Roy Olivier: No, I’m describing as it is for any customer we talk to. And Bill mentioned we have 186 new logos in the quarter. We run between 100 and 186 a quarter. The vast majority of those are new-new. In other words, the people we have, these are not cross-sells. These are new into a new customer.

Avi Fisher: Okay. All right. So it’s just two years ago compared to new customers two years ago. I get that. And you mentioned earlier, you expect — you talked about some of the complexity of having two products. Do you expect that to go away by the end of fiscal ‘25 because you are going to be further integrating things?

Roy Olivier: No, we will continue to sell these products as modules. They will be better integrated. I think the workflow and value to the customer will be more apparent.
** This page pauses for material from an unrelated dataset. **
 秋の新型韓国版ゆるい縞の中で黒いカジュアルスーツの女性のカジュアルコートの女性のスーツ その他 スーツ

But we will sell discovery tools which is Scite and Resolute. We will sell access tools which is Article Galaxy and Article Galaxy Scholar. And we will sell reference management tools. And if you buy multiple, you may get a package discount for buying multiple, but they are individual products on the contract that carry an individual price.
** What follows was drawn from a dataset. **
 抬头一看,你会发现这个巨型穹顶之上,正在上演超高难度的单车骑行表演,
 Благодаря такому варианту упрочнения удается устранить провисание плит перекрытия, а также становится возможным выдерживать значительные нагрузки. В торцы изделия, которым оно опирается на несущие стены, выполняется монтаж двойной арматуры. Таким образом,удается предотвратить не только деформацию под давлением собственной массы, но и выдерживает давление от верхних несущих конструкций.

Avi Fisher: Okay. Doesn’t sound that complicated to me, but of course I’m not a corporate customer. I appreciate you taking the questions and I’ll follow up later. Thank you.

Roy Olivier: Thank you.

Bill Nurthen: Thank you.

Operator: That concludes our question-and-answer session. I would like to turn the conference back over to Roy Olivier for any closing remarks.

Roy Olivier: All right. Thanks, everybody, for joining us on our call today. I look forward to speaking to you in November to discuss our first quarter fiscal 2025 results. Have a great day.

Operator: The conference has now concluded. Thank you for attending today’s presentation. You may now disconnect.